Taylor Fritz is the most interesting number in the men’s outright market. His first-serve win percentage on hard courts in 2026 is 81% (ATP Tour, as of 2026-08-25), fourth-best in the ATP field. He has beaten two top-ten opponents at the Cincinnati hard-court swing this August. His draw projection keeps him away from Sinner until a potential semifinal. At +190 to reach the quarterfinal, our model sees +5.5% edge.

Coco Gauff won this title in 2023 on the same court, in front of the same crowd. Her 2026 hard-court form reads 6-4, but four of those losses came in three-setters she led in the second. She holds a 62% tiebreak win rate on hard courts this season (WTA, as of 2026-08-25) — relevant in a draw where Sabalenka and Świątek both push third sets routinely. At +380 for a final appearance, the model prints +4.9%.


The draw quirk

The men’s bottom half carries Alcaraz, Zverev, and three former US Open finalists clustered in sections three and four. Someone in that corridor will exit before the quarterfinal. Fritz sits in the top half, where the path to a semifinal runs through opponents ranked 12th through 20th — the softest projected route among the top eight seeds.


Storylines to watch

Sabalenka’s third hard-court Slam. She already holds the 2023 and 2024 Australian Open titles plus the 2023 US Open. A win here makes her three-for-three on the hard-court Grand Slams she has won. Her 9-1 recent form is the best in either draw. At +240, the model’s 24% implies slight positive value — the 1.5-unit stake reflects it.

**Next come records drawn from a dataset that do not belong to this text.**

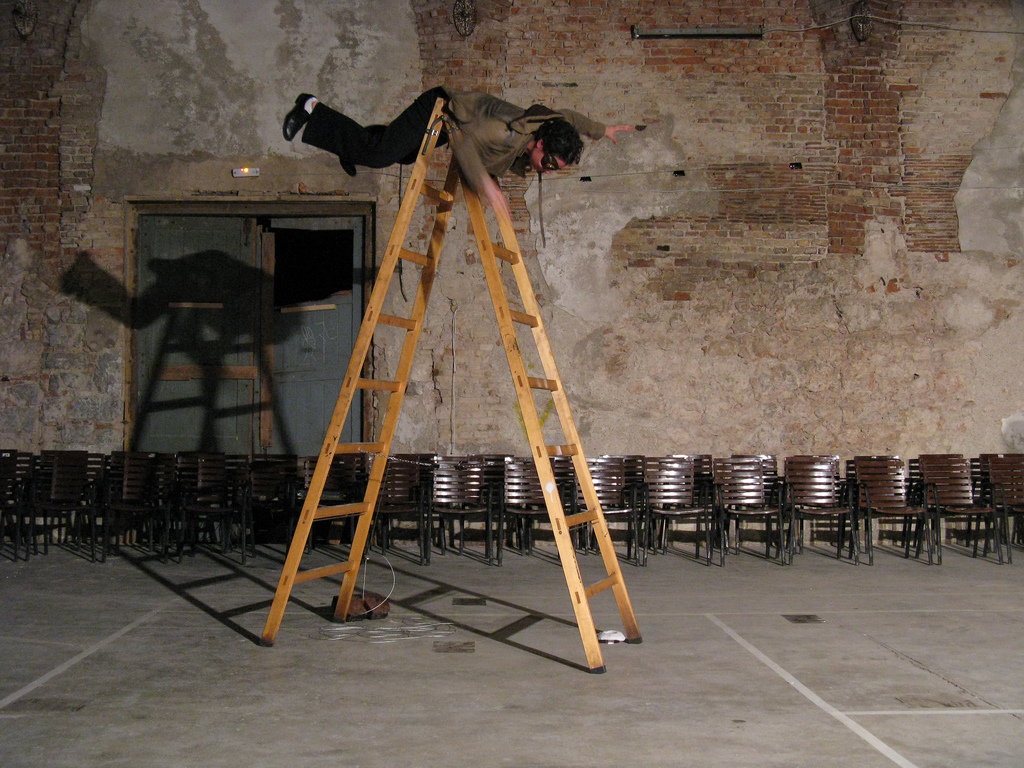 As the performance speaks of space travelers, that is cosmonauts, its scientific discourse finds its interpreter in the role of Tomislav Medak who as cosmonaut and ufologist masterfully traverses the intricate landscape of Russian avant-garde. In terms of artistic performance, or to be more precise dance performance, Ana Kreitmeyer, Zrinka Užbinec and Pravdan Devlahović use charm and slapstick comedy inspired episodes to visualize the narrative. «The League of Time» covers a time span of four decades, from the twenties to the sixties of the 20th century, revealing itself to the spectator as a field of mass hallucination, shared utopia in which everything is possible, making for a thoughtful choreography which is a child of his age – a child of postmodernism, a time when we become aware that utopias, unfortunately, do not exist.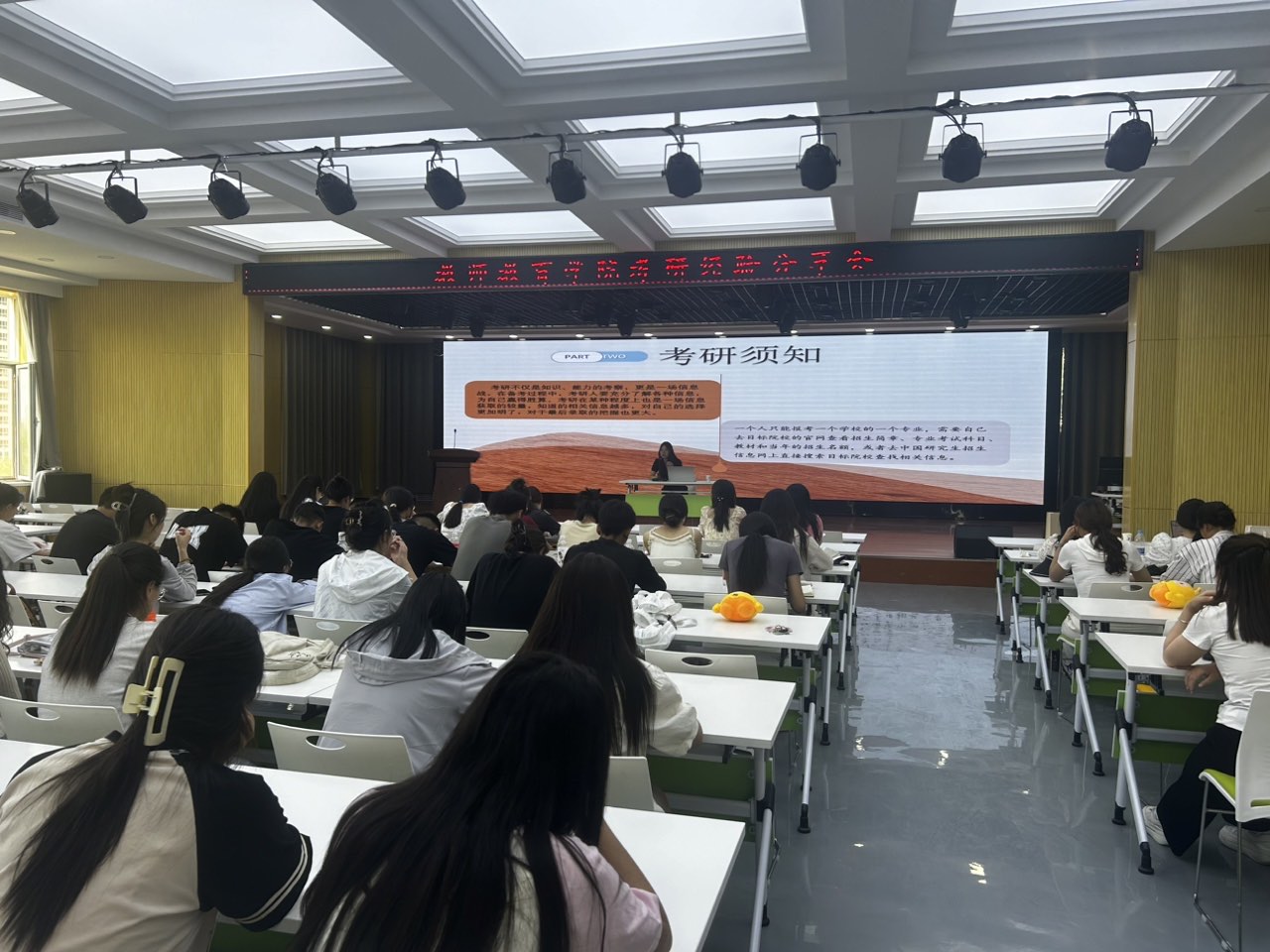 三位分享者根据自己复习的感悟,以不同的侧重点为大家分享了她们在考验信息收集、院校选择、考研疑虑、备考经验、复习计划以及考研心态等方面的经验和建议。分享会上不仅干货满满,而且“鸡汤”不断,不仅为大家带来了许多关于考研的有效复习方法和建议,还增强了同学们考研的信心和决心。整场分享会气氛活跃,掌声不断。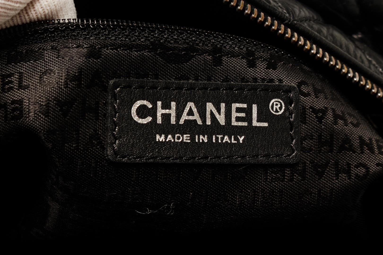 One Chanel Black 2.55 Tweed Chain Shoulder Bag. Item is sold AS-IS. All available information is listed in the description and shown in the photo. Chanel black 2.55 tweed chain shoulder bag with flower patterned black, grey, and white tweed exterior; black Chanel patterned fabric lining, adjustable strap with thin silver-toned chains and black leather shoulder pad; silver-tone hardware, zipper closure, interlocking CC logo as zipper tab, and one interior zip pocket. Height: 6 in (15.24 cm), Width: 7 in (17.78 cm), Length: 12.5 in (31.75 cm)

Sinner’s back-to-back bid. Only four men in the Open Era have won consecutive US Opens. The serve-and-return numbers say he belongs in that conversation. The draw says he probably faces Alcaraz in the semifinal, not the final.

Fritz at home. American men have not won the US Open since Andy Roddick in 2003. Fritz has the serve to win seven matches on this surface. He has never passed the quarterfinal here. Something has to change first.


Model: Tennis Edge Elo (overall + surface split). Odds sourced from Pinnacle and DraftKings (best available line). Picks updated 24h before the start date if any line moves more than 10%.


FAQ

Who is the favorite to win the 2026 US Open men’s title? Jannik Sinner opens at +280 as the defending champion and carries the highest hard-court Surface Elo in the field (2,187 per Tennis Abstract). Our model places his win probability at 21%.

Has Aryna Sabalenka won the US Open before? Yes — she won in 2023. A 2026 title would give her three hard-court Grand Slam victories alongside her two Australian Open titles (2023, 2024).

What are Taylor Fritz’s realistic chances at the 2026 US Open? Fritz projects as a genuine quarterfinal threat. His 81% first-serve win rate on hard courts this season ranks fourth in the ATP, and his draw keeps him away from the top two seeds until at least the semifinal. We have 1.0 unit on him to reach the quarterfinal at +190.

When does the 2026 US Open start and end? The main draw begins August 31, 2026, and the final is scheduled for September 13, 2026, at the USTA Billie Jean King National Tennis Center in New York.

How does Tennis Edge calculate its model edge percentage? We convert our win-probability estimate to an implied American odds line, then compare it against the best available market price. A positive percentage means our model shows value over the book’s implied probability.